EXERCISE DATA>

-- Opening Marker --

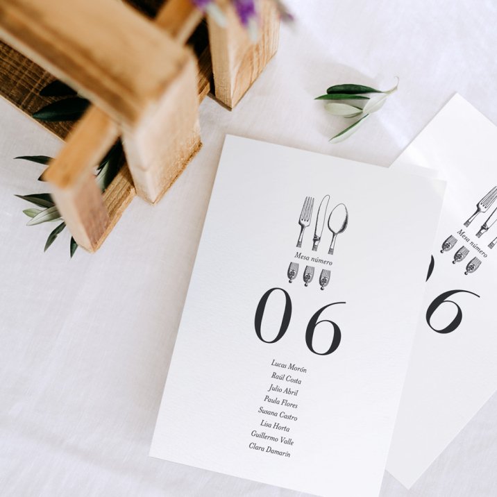 Hoja grande con los nombres de los invitados y sus respectivas mesas. Una hoja por mesa, cada una con su nombre (si tenéis un tema, como por ejemplo canciones, flores, lugares...), y la lista de las personas de esta mesa.
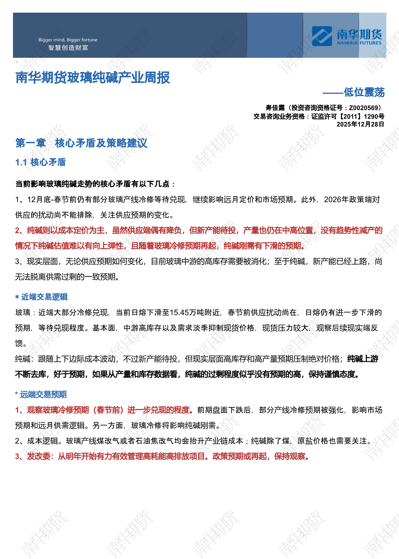 南华期货-玻璃纯碱产业周报:低位震荡-251228
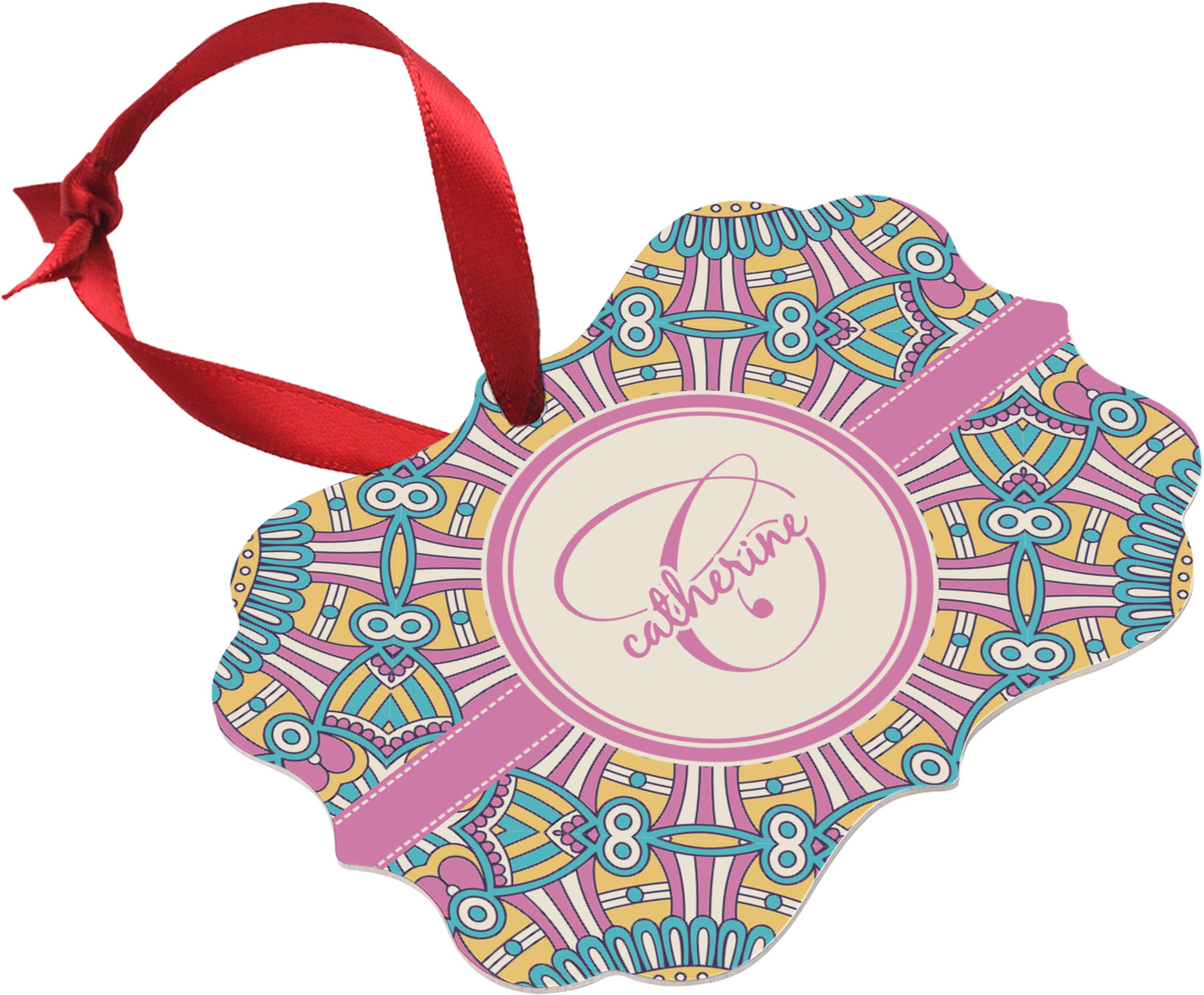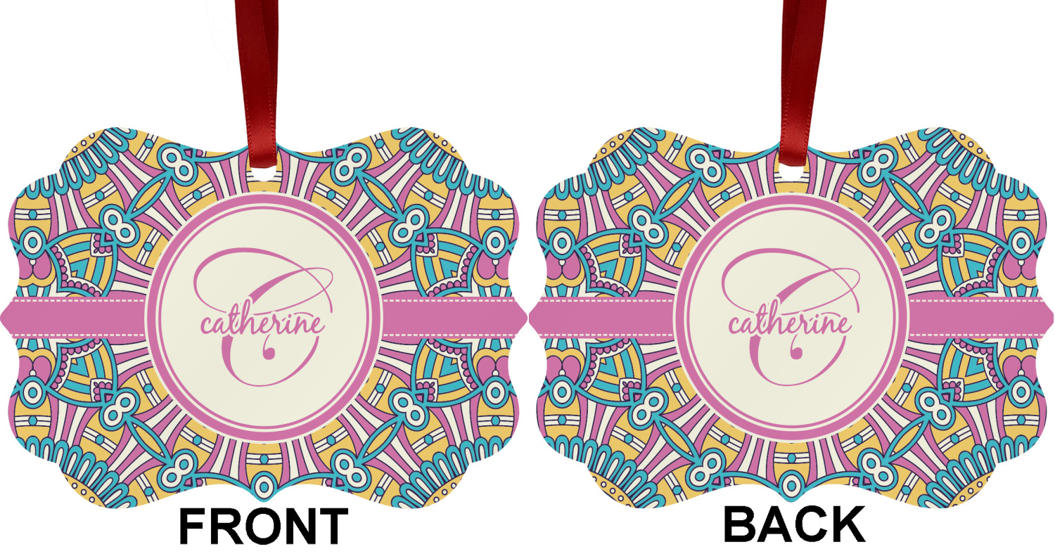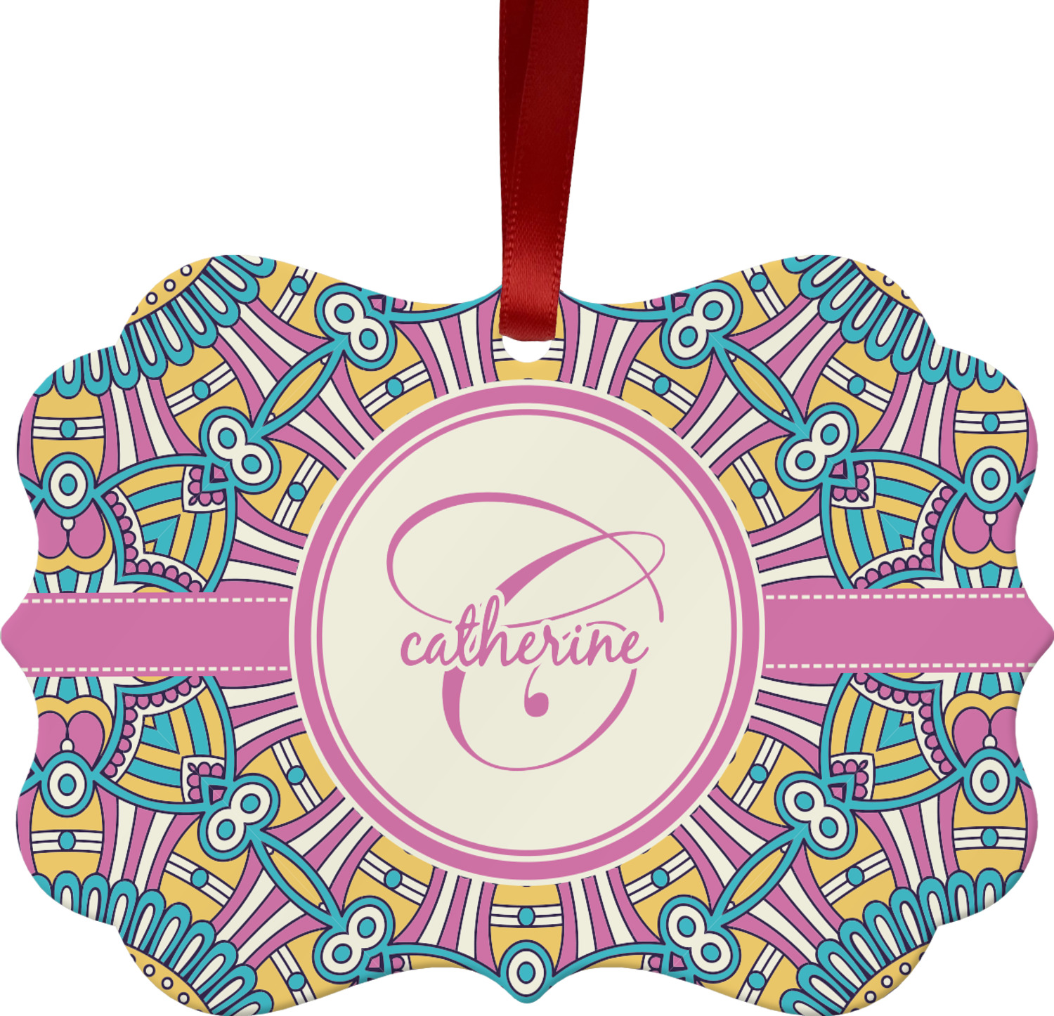 The designs main feature is its beautiful pattern. The pattern is filled with intricate detail and bohemian style shapes. The colors are a drastic difference from what you would normally see in a bohemian design, making this design all the more unique. You are able to put your personalization in the frame in the middle. The colors you will find are a bubble gum pink, teal, light yellow, and white.

-- Closing Marker --

WHAT IS BEING ASKED> The answer should be the complete listing, set down exactly, without pictures.

RESPONSE TO THE TASK>
 Hoja grande con los nombres de los invitados y sus respectivas mesas. Una hoja por mesa, cada una con su nombre (si tenéis un tema, como por ejemplo canciones, flores, lugares...), y la lista de las personas de esta mesa.
 南华期货-玻璃纯碱产业周报:低位震荡-251228
 The designs main feature is its beautiful pattern. The pattern is filled with intricate detail and bohemian style shapes. The colors are a drastic difference from what you would normally see in a bohemian design, making this design all the more unique. You are able to put your personalization in the frame in the middle. The colors you will find are a bubble gum pink, teal, light yellow, and white.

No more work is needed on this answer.